ESTADÃO: O diabo à espreita

Leia na íntegra o editorial:

Com Lula enfrentando a maior impopularidade já registrada em seus mandatos e sem ideias novas, resta ao lulopetismo aplicar a máxima de Dilma e ‘fazer o diabo’ para ganhar a eleição

Pesquisa Datafolha divulgada anteontem mostrou uma queda significativa na popularidade do governo do presidente Lula da Silva: 41% dos brasileiros o avaliam negativamente, enquanto apenas 24% o veem de forma positiva. Foram 11 pontos de queda em apenas dois meses, um tombo inédito, segundo o Datafolha, se comparados os três mandatos do petista, confirmando tendência já detectada em janeiro pela Quaest. O declínio é ainda maior justamente entre as pessoas que votaram em Lula: 20 pontos porcentuais. Mas a notícia mais dura para o presidente e o PT é que a queda foi puxada pelos eleitores que até outro dia eram considerados cativos do lulopetismo, isto é, as mulheres, os negros, os nordestinos, os mais pobres e os menos escolarizados.

Tais dados não assombram apenas o lulopetismo. Afinal, trata-se da expressão, em números, de incômodos que se aprofundam em parte significativa do País. A base que elegeu Lula em 2022 está frustrada e descontente. A franja da base, isto é, setores que compunham a chamada frente ampla (liberais sociais, progressistas moderados, empreendedores individuais, eleitores não petistas que votaram nele por rejeitar o bolsonarismo), já demonstra insatisfação há meses. Esses movimentos se dão enquanto se constata que o governo é uma soma de atos e resultados medíocres, de uma equipe ministerial disforme e de qualidade duvidosa e de um comando sem clareza de propósitos.

Importam menos, nesse caso, indicadores oficiais positivos, como emprego em baixa e crescimento do PIB em alta, se tais índices não se traduzem em renda suficiente para enfrentar a carestia, sobretudo dos alimentos. O que importa de verdade é que Lula venceu a eleição prometendo picanha e cerveja a preços módicos e não está entregando. Pior, não aparenta ter a menor ideia do que fazer. Não tem um plano nem ideias novas. Só faz reclamar dos outros: do dólar que subiu, dos juros que não caem, dos empresários que não pagam bons salários.

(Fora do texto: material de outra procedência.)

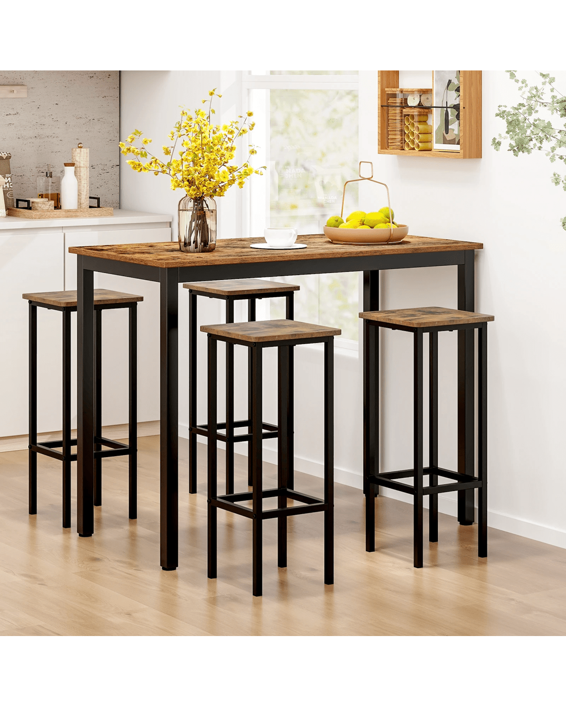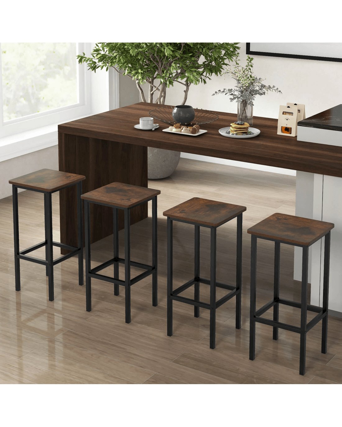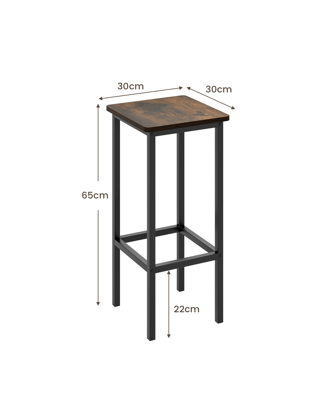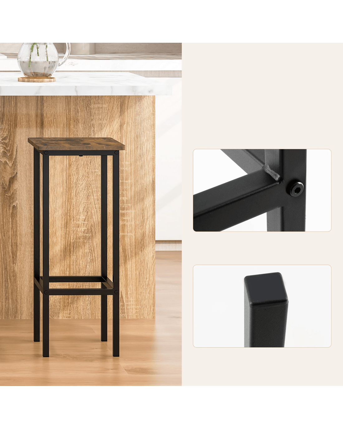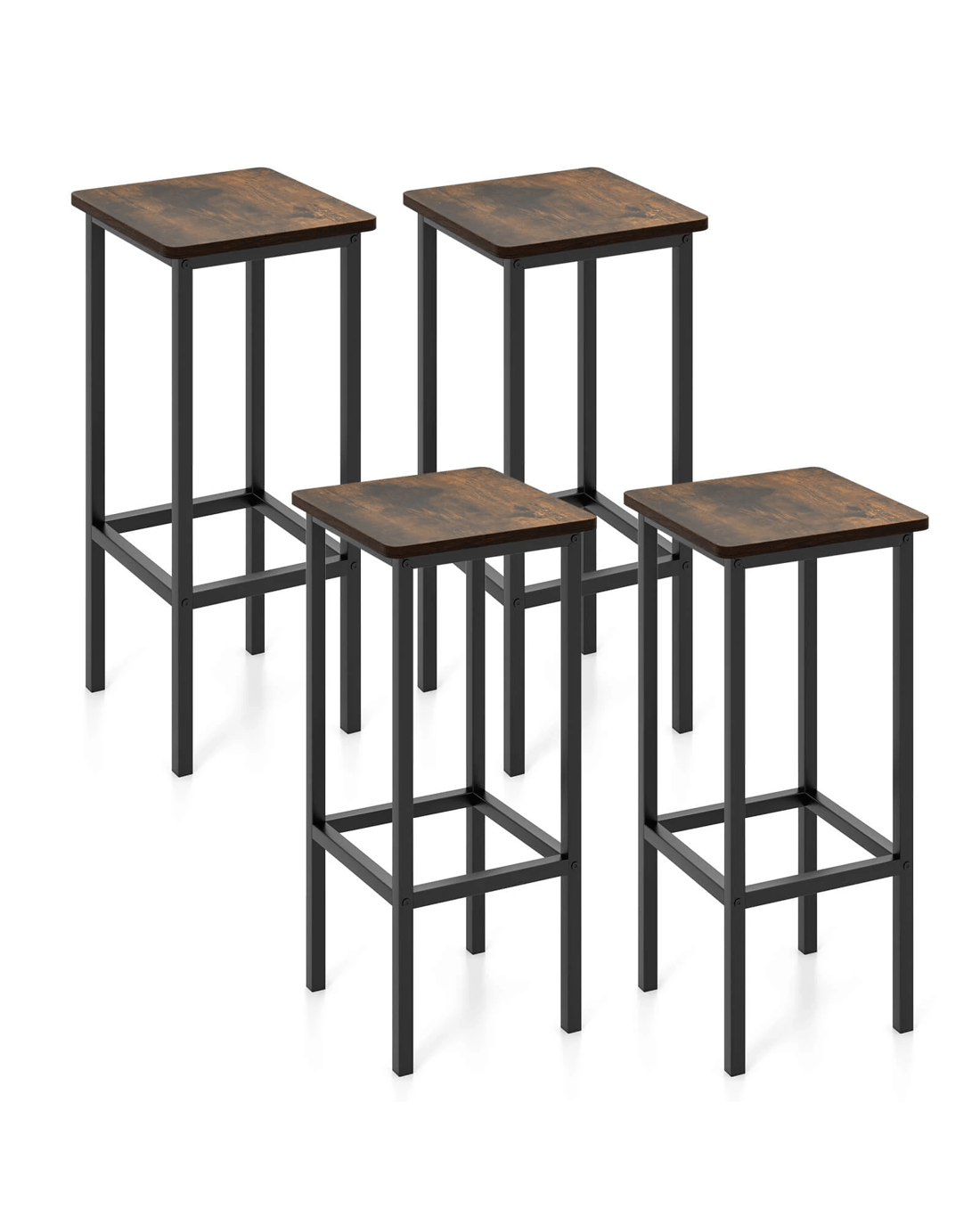 Designed for durability, the seats are anti-crack, burr-free & easy to clean. Say goodbye to scratches on your guests' clothes, thanks to the smooth edge banding. Its strong metal legs ensure stability & rust resistance, while also supporting an impressive weight capacity of 150 kg. Your guests will love the 22cm high footrest, allowing stretching legs & providing optimal comfort. The bar chairs are equipped with anti-slip foot pads, ensuring stability & floor protection. Perfect for small spaces, these space-saving breakfast stools bring versatility to your kitchen, dining room, or any occasion. With a touch of industrial elegance, their metal frame & vintage wood seats add a stylish accent to any decor. Assembly is a breeze with the detailed manual provided.

Exegetas do Palácio do Planalto nem sequer podem argumentar que mudanças em curso trarão benefícios no longo prazo. Seria o caso da agenda climática, de mudanças estruturais na educação ou de avanços reais na saúde. Mas Lula não tem como recorrer a esse argumento, pois pouco ou nada tem a exibir nessas frentes. Com efeito, o governo recorre a culpados externos – as fake news, a especulação do mercado financeiro, Donald Trump, a imprensa. E assim, aos poucos, mais do que um quadro de malaise, a insatisfação parece configurar-se como rejeição de fato, uma inquietação cada vez mais aguda com os rumos da gestão. E o mais grave: a percepção de que não só Lula não vem cumprindo promessas de bem-estar, como não tem a menor ideia do que propor ao País.

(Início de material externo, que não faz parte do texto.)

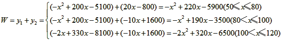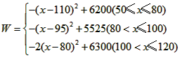 当50≤x≤80时,W随x增大而增大,所以x=80时,

O pensamento rupestre do PT faz o terceiro mandato se concentrar não na atualização das ideias e iniciativas de governo para atender a novas demandas da população. O elixir lulopetista segue a prescrição do passado, com a conjugação de programas sociais, benefícios de transferência de renda (atualizados sob a forma do Pé-de-Meia, por exemplo), dirigismo na economia, nenhuma atenção a microrreformas que favoreçam o mundo empreendedor e altíssima atenção à militância esquerdista. O resultado é um nível baixíssimo de avaliação líquida, hoje -17 (o saldo entre os 24% que o avaliam positivamente e os 41% que o veem de forma negativa).

Ainda é cedo para dizer se Lula está diante de um fracasso circunstancial ou definitivo. No início do terceiro ano do seu mandato, Jair Bolsonaro exibia -9 de avaliação líquida e quase venceu em 2022. A situação atual é mais grave, mas ainda assim se trata de Lula, um inquestionável líder popular e um prestidigitador experiente na arte eleitoral. Entretanto, indo a sua popularidade ladeira abaixo, pressionado por resultados imediatos e engolfado pela falta de ideias, Lula pode se sentir tentado a aplicar desde já a famosa máxima de Dilma Rousseff, segundo a qual, em eleição, “a gente faz o diabo”.

É onde mora o perigo. Consta que uma ala do PT já pede uma guinada à esquerda – como se o atual governo, perdulário e estatista, já não estivesse suficientemente lá. Mas é claro que, sendo vermelho o diabo, sempre é possível ir além.